Private Label Rights and eBooks. What You Need To Know.

BusinessEcommerce

  • Author John Thornhill
  • Published March 27, 2006
  • Word count 495

The online eBook marketplace has usually been stocked with titles written by authors who then made resell rights available to those who hoped to profitably offer the book for sale (or, as is often the case with eBay, auction). Generally, the rights the eBook seller obtained were limited to reselling the text of the original eBook as is.

This strategy made a great deal of sense for the original offer. Authors have historically despised having their work edited or their messages changed. Additionally, many eBooks have contained links to products and services in which the author has a vested interest. Thus, in some ways the eBook seller is working as a marketing agent for the author, spreading affiliate links to customer after customer.

In recent years, however, an alternative eBook rights option has emerged and is increasing in popularity. One not only buys the resell rights to an eBook, they also obtain what are called private label rights. In essence, they can edit, change, add to, rearrange or otherwise adjust the content of the eBook as they see fit. They can also “re-brand” the product, claiming personal authorship and or adjusting the title. They can then outfit the eBook with their own marketing or affiliate links.

Instead of merely owning the rights to an eBook they can resell, they actually purchase the right to own the actual material and its uses when private label rights are obtained. This gives the eBook seller a great deal of flexibility and can allow him or her the opportunity to create a unique product that is carefully designed with the overall needs of their online business efforts in mind.

There are detractors to the private right phenomena. They worry that a series of differently-titled eBooks could flood a market, all of which contain essentially the same information. This, they argue, is detrimental to consumers and could cause some loss of confidence in the eBook industry as a whole. They also note that products sold in this way will never have the credibility of a known author associated with them. These complaints do have some legitimacy and undoubtedly warrant a great deal of consideration.
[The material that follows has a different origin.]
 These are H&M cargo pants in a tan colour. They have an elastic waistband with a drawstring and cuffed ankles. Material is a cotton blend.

However, the idea of owing an eBook and its contents outright will be almost irresistible for many eBook sellers. They can immediately envision strategies making use of private label rights that make their prior arrangement of owning only resell rights seem as restrictive as a straightjacket.
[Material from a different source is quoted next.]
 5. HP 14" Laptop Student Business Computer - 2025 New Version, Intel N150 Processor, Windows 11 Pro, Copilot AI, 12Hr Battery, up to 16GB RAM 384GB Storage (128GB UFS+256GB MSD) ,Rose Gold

Only time will tell how the sudden upswing in deals involving the sale of private label rights will effect the eBook industry as a whole. In the short term, however, it would appear that those eBook sellers who invest in private label rights products will have an upper hand on many sellers who are dealing only in eBooks with resell rights.

Anyone who is serious about maximizing his or her profit in the eBook industry should at least research and consider sales of eBooks made with private label rights intact.